Défense
Naval Group : le site d’Indret à l’heure de l’impression 3D

Reportage

Naval Group : le site d’Indret à l’heure de l’impression 3D

Défense

Aujourd’hui déjà des pales d’hélices, demain des échangeurs de chaufferies nucléaires… La fabrication additive, aussi appelée impression 3D, est en plein développement sur le site Naval Group d’Indret. Situé près de Nantes, l’établissement, qui emploie désormais plus de 1500 personnes (avec plus de 100 postes créés en 2019), est spécialisé depuis 200 ans dans les systèmes propulsifs des bâtiments de la Marine nationale et de ceux vendus à l’export.

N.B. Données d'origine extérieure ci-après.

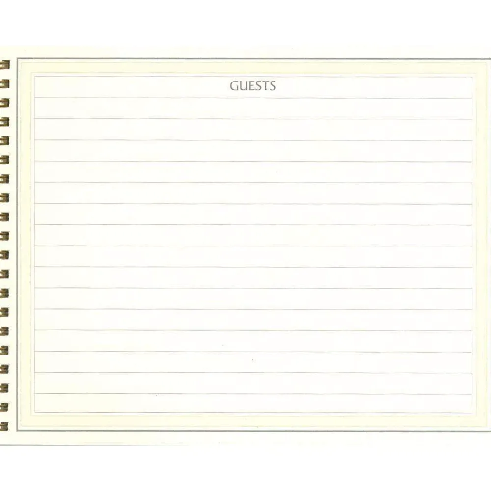 - Spiral bound book of 39 double-sided, lined guest book pages.
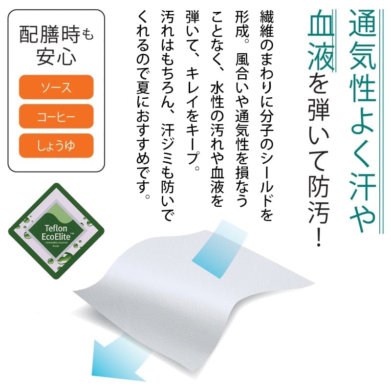 繊維のまわりに分子のシールドを形成し、風合いや通気性を損なうことなく水性の汚れや血液を弾いて、キレイをキープ。
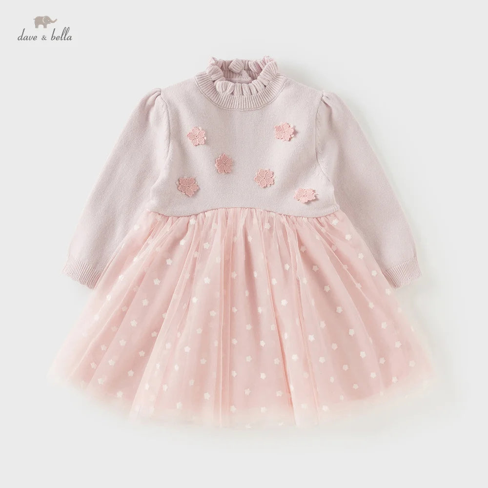 Girl Velvet Flower Sweater Dress – Winter Warm Style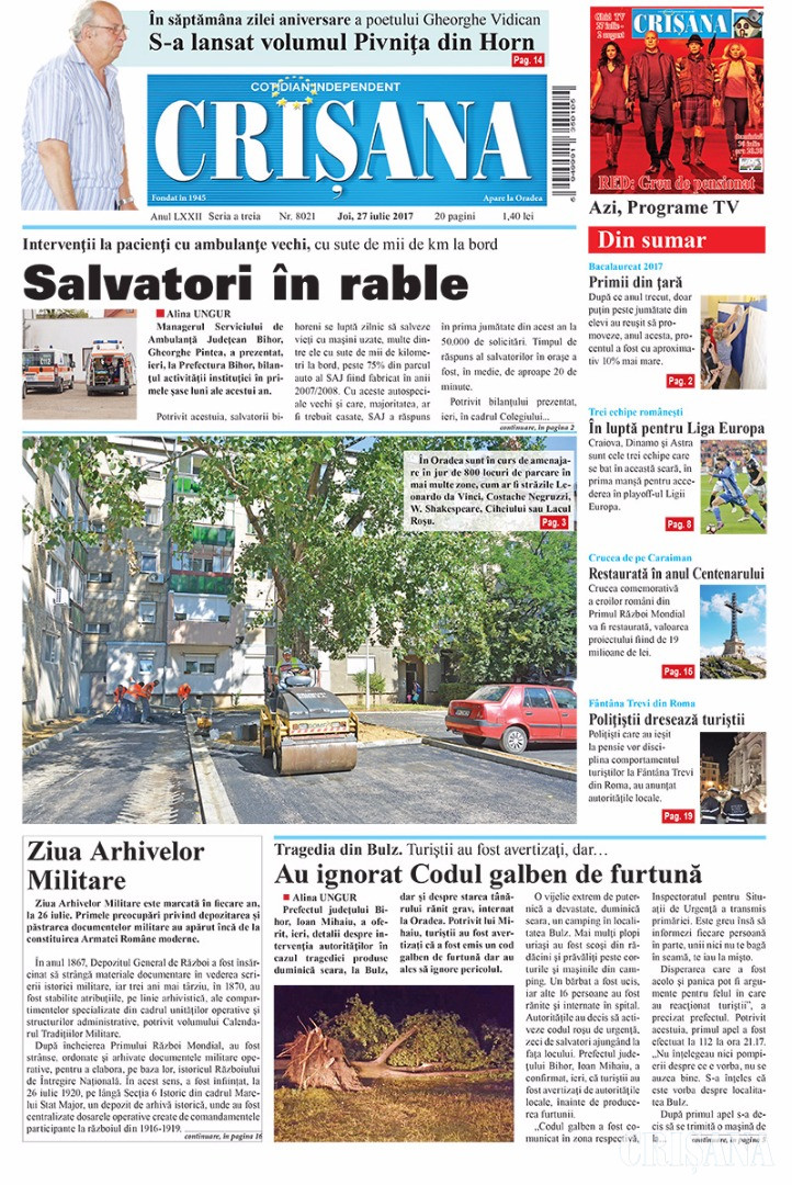 Fondat la Oradea, în anul 1945, cotidianul Crişana este una dintre cele mai longevive publicaţii locale, cu o apariţie neîntreruptă de 81 de ani.

Naval Group s’intéresse depuis une dizaine d’années à cette technologie, qui permet d’optimiser l’industrialisation d’équipements et doit, en également, offrir une fois les bateaux réalisés plus d’autonomie à bord, où des imprimantes 3D seront en mesure de produire sur demande des pièces de rechange. Un service qui a déjà été testé avec la Marine nationale et sera appelé à se développer dans les années à venir.   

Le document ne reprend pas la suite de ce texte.